Alisha Horiraito : Tu sais que j'y ai pensé aussi ? Après mon esprit a vagabondé sur les vampires, aussi, mais ça fait cliché :'). Ne t'en fais pas, les incrustes seront à venir, tout comme le fait de tabasser presque à mort. Oh oh, oui...

Lilo : Oh, ne t'en fais pas, Erza ne dira jamais non pour le déshabiller, sauf à haute voix. Il faut bien qu'elle sauve les apparences. Et voici la suite :).

Elisha : Allez, dedans j'ai fait apparaître ton personnage " préféré "... :")

celtic-booty : Oui, tu n'es pas seule. Et je ne m'attendais pas à un tel succès pour le tout premier. Au départ je n'avais pas envisagé de suite mais, j'ai craqué sous les retours positifs. Et moi je te remercie d'aimer ce que je fais :). C'est grâce à des personnes comme toi que je continue de publier !

Guest 1 : Merci d'aimer ! Voilà la suite ;).


Disclaimer : Fairy Tail ne m'appartient pas.


Rating : T


SILENCE


« Tu es vraiment belle aujourd'hui. »

C'était le troisième post-it qu'il collait délibérément sur ses cahiers, histoire d'attirer son attention pour quelques secondes. Le pire dans tout ça, c'était que ça fonctionnait. Pourtant, elle ne lui avait pas encore répondu. À la place, elle retournait dans ses livres et feuilletaient les pages.
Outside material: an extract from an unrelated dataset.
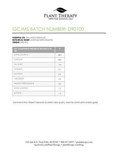 HAVE QUESTIONS?: Plant Therapy's certified aromatherapists are happy to help you with your Organic Dill Weed Essential Oil questions via Amazon Messages. We welcome your questions and input!

Encore prise dans les études, Erza passait souvent du temps dans les bibliothèques, même si ce n'était pas le genre de lecture qu'elle préférait. C'était pour le bien de son avenir et il était hors de question de le foutre en l'air, tout ça sous prétexte qu'elle côtoyait un garçon « manquant de convenances et d'éducation ». Dieu, pourquoi sa sœur avait une si piètre opinion de lui ?

« Même lorsque tu réfléchis tu es sublime. »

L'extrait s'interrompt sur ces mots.